**TASK MATERIAL:**
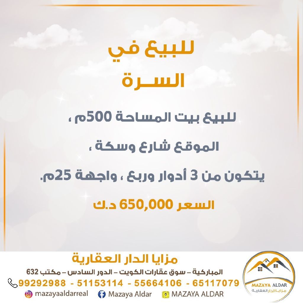 للبيع: بيت في منطقة السرة بمساحة 500 متر مربع. الموقع على شارع وسكة. يتكون من 3 أدوار وربع، بواجهة 25 متر. للجادين فقط؛ يمنع الوسطاء. السعر 650,000 دينار. للاستفسار، الاتصال عبر النقال.
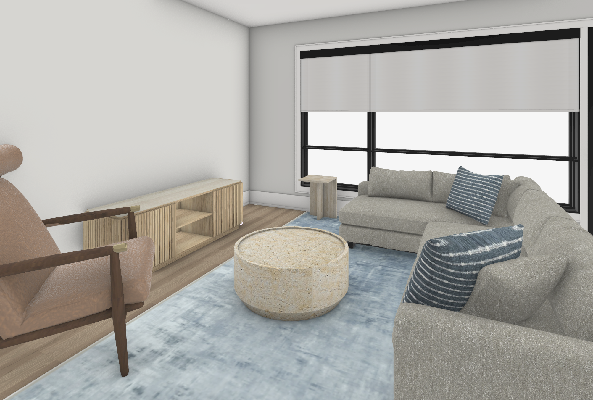 natural lighting light wood tones colorful accents add a city backyard with deck in the background add a tv above media unit and add accessories to coffee table and shelves
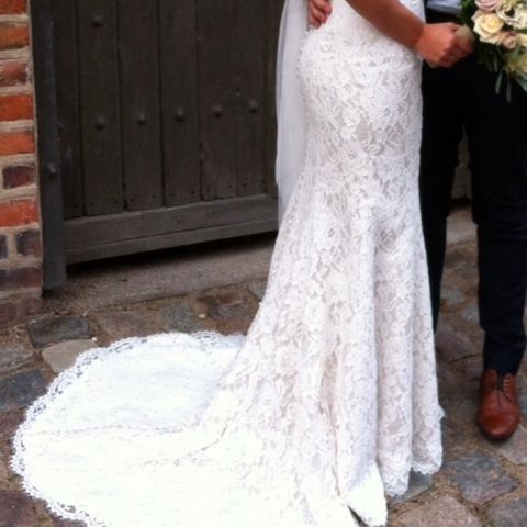Brudekjole i blonder. Virkelig smuk, kun brugt en gang. Renset. Inkl bælte og BH. Købt i Nicolaj Kjoler for kr 18.000. Bruden var 166 cm høj og sko 7 cm. Skal prøves.
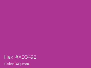 Hex #ad3492 Color is a normal magenta color and the nearest color is Fandango #b53389. Hex code #ad3492 and RGB value is rgb(173,52,146). In RGB color space, this color is composed of 68% red, 20% green, 57% blue, In CMYK color space, this color is composed of 0% cyan, 70% magenta, 16% yellow , 32% black , In HSL color space, this color has a hue angle of 313° , 54% saturation and 44% lightness.
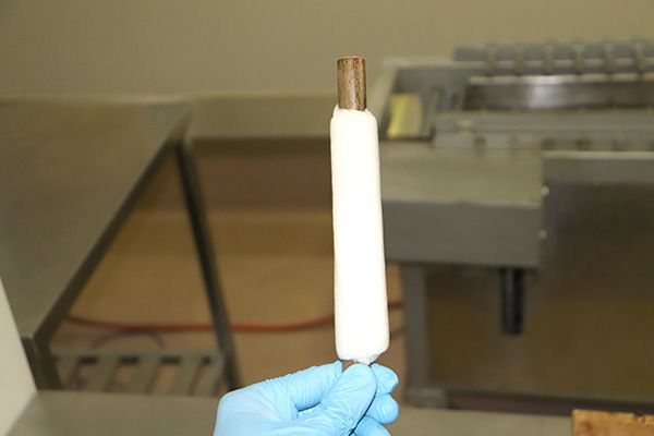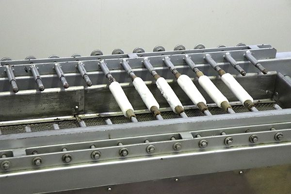工場の中に入るのってワクワクしますよね! スタッフの方の説明をよく聞いて、まずちくわから作っていきます。 ちくわ用の棒が1人1本用意していただけるので、シート状になったすり身を棒に巻きつけていき…
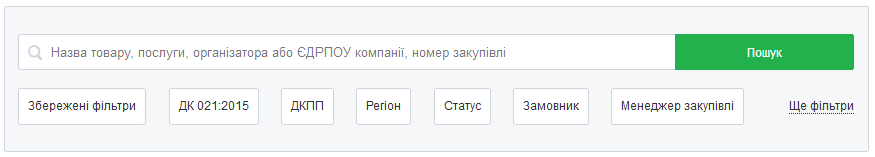 Щоб знайти усі закупівлі, призначені вам або іншому співробітнику компанії, скористайтеся новим фільтром пошуку Менеджер закупівлі.
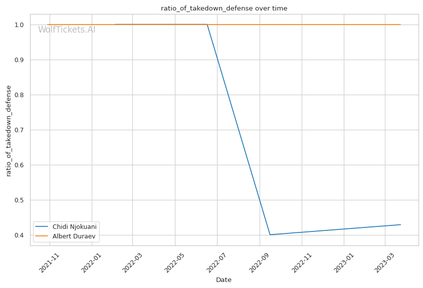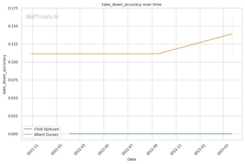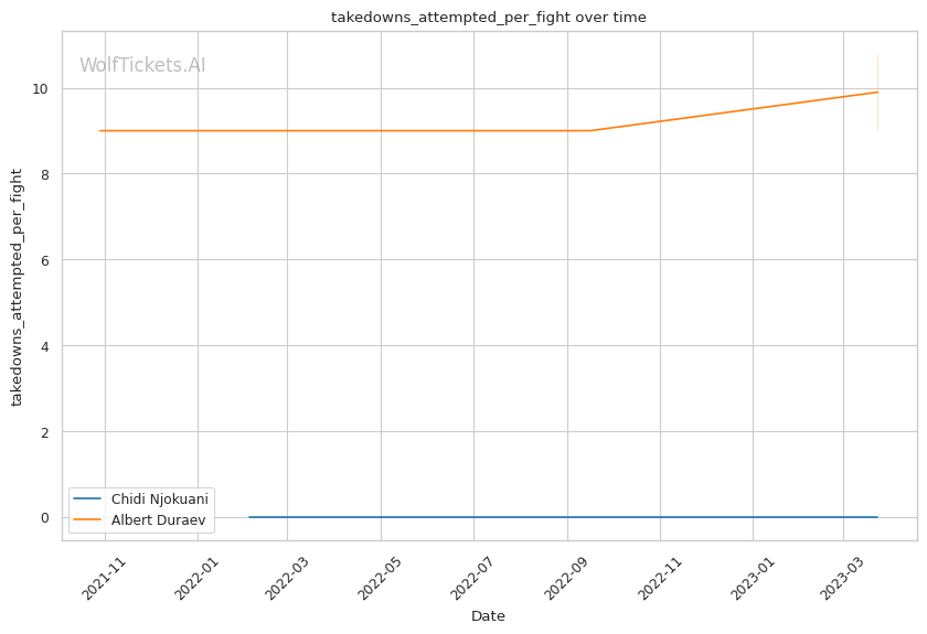 | Takedowns Attempted per Fight | 0.000 | 10.800 | 4.042 | |
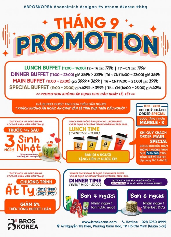9월 프로모션런치 뷔페 (11:00 ~ 14:00)월 ~ 금: 179,000 VND토 ~ 일: 199,000 VND디너 ..

**WHAT TO PRODUCE:** Write the listing out in full, exactly; no images.

**ANSWER SECTION:**
 للبيع: بيت في منطقة السرة بمساحة 500 متر مربع. الموقع على شارع وسكة. يتكون من 3 أدوار وربع، بواجهة 25 متر. للجادين فقط؛ يمنع الوسطاء. السعر 650,000 دينار. للاستفسار، الاتصال عبر النقال.
 natural lighting light wood tones colorful accents add a city backyard with deck in the background add a tv above media unit and add accessories to coffee table and shelves
Brudekjole i blonder. Virkelig smuk, kun brugt en gang. Renset. Inkl bælte og BH. Købt i Nicolaj Kjoler for kr 18.000. Bruden var 166 cm høj og sko 7 cm. Skal prøves.
 Hex #ad3492 Color is a normal magenta color and the nearest color is Fandango #b53389. Hex code #ad3492 and RGB value is rgb(173,52,146). In RGB color space, this color is composed of 68% red, 20% green, 57% blue, In CMYK color space, this color is composed of 0% cyan, 70% magenta, 16% yellow , 32% black , In HSL color space, this color has a hue angle of 313° , 54% saturation and 44% lightness.
工場の中に入るのってワクワクしますよね! スタッフの方の説明をよく聞いて、まずちくわから作っていきます。 ちくわ用の棒が1人1本用意していただけるので、シート状になったすり身を棒に巻きつけていき…
 Щоб знайти усі закупівлі, призначені вам або іншому співробітнику компанії, скористайтеся новим фільтром пошуку Менеджер закупівлі.
 | Takedowns Attempted per Fight | 0.000 | 10.800 | 4.042 | |
9월 프로모션런치 뷔페 (11:00 ~ 14:00)월 ~ 금: 179,000 VND토 ~ 일: 199,000 VND디너 ..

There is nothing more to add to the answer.